If speech is to be transmitted via communication devices or public address systems, the focus is primarily on optimum intelligibility of the reproduced signal. Everyone is familiar with the situation of not being able to understand the conversation partner well, e.g. at door intercoms or announcements in public transport. A large number of influencing variables can play a role here, transforming a clear speech signal into incomprehensible mess.
The development and installation of such a system therefore raises a number of questions:
From their own experience, most people already know the most important parameters that lead to a deterioration in speech intelligibility.
Since the subjective perception of the listener often plays a decisive role in acoustics, it is important to be able to apply objective and reproducible evaluation criteria. When considering speech intelligibility, this is possible by measuring the Speech Transmission Index (STI), which is described in DIN EN 60268-16. By means of the STI, the speech transmission quality of a transmission channel can be determined and a prediction for speech intelligibility can be derived.
The measurement of the Speech Transmission Index is based on the empirical investigation that speech intelligibility is mainly determined by the level of intensity fluctuations (modulation) of speech signals. In real speech, these fluctuations result from the acoustic separation of sentences, words and phonemes. The stronger the measured modulation, the easier it is to understand the speech signal.
The following graphic shows a simplified STI measurement setup. On the left you can see the measurement of the microphone signal path and on the right the measurement of the loudspeaker.

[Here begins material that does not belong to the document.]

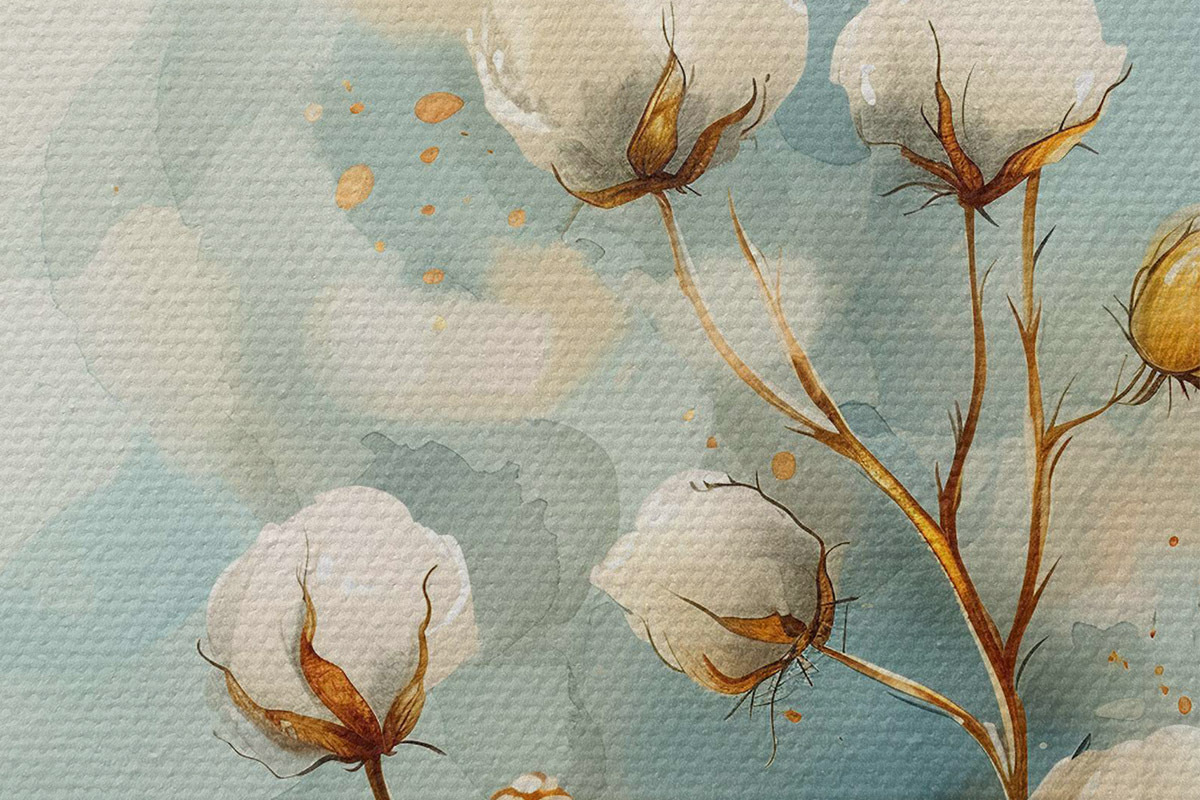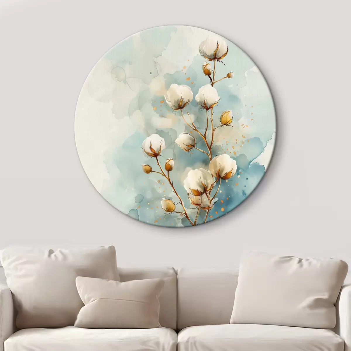 Ronde schilderijen Een takje katoen op een aquarelachtergrond Nr r40780

The STI can be measured directly or indirectly, whereby the methods differ in the type of test signal and its applicability. The direct measurement uses a speech-like noise that is modulated in 7 octave frequency bands from 0.125 - 8 kHz with 14 modulation frequencies in the range 0.63 - 12.5 Hz each. This results in 98 measured values from which the STI can be calculated directly. With the indirect method, the impulse response of the transmission system is measured using a suitable test signal and the STI is derived from this using mathematical methods. In both variants, the result is a numeric value between 0 and 1, which provides direct information about the quality of speech intelligibility.
In addition, the Speech Transmission Index for Public Address systems (STIPA) was introduced as a shortened procedure, which is calculated from only 14 instead of 98 values of a direct measurement. Here, the focus is on shortening the measurement duration, but restrictions such as the occurrence of non-linear distortions and the estimation of female speakers must be taken into account. The Room Acoustical Speech Transmission Index (RASTI) still exists, but it is obsolete and should no longer be used.
|Advantages||high accuracy||high measuring speed||high measuring speed|
|Disadvantages||slightly increased measuring time||error-prone in case of impulse noises||obsolete measurement method|
|sensitive to non-linear distortions||error-prone in case of impulse noises|
|error-prone in case of disturbing noises containing tones|
|error-prone with compressed signals|
As with any qualified measurement, it is important to work with calibrated and sufficiently accurate measuring equipment. Any influences that could have an influence on the measurement result have to be minimized by the selection of the measuring equipment. Low-distortion measuring microphones and loudspeakers with an ideally flat frequency response are a prerequisite for reliable results. The measurement itself is then carried out either computer-based or using an appropriate analyzer.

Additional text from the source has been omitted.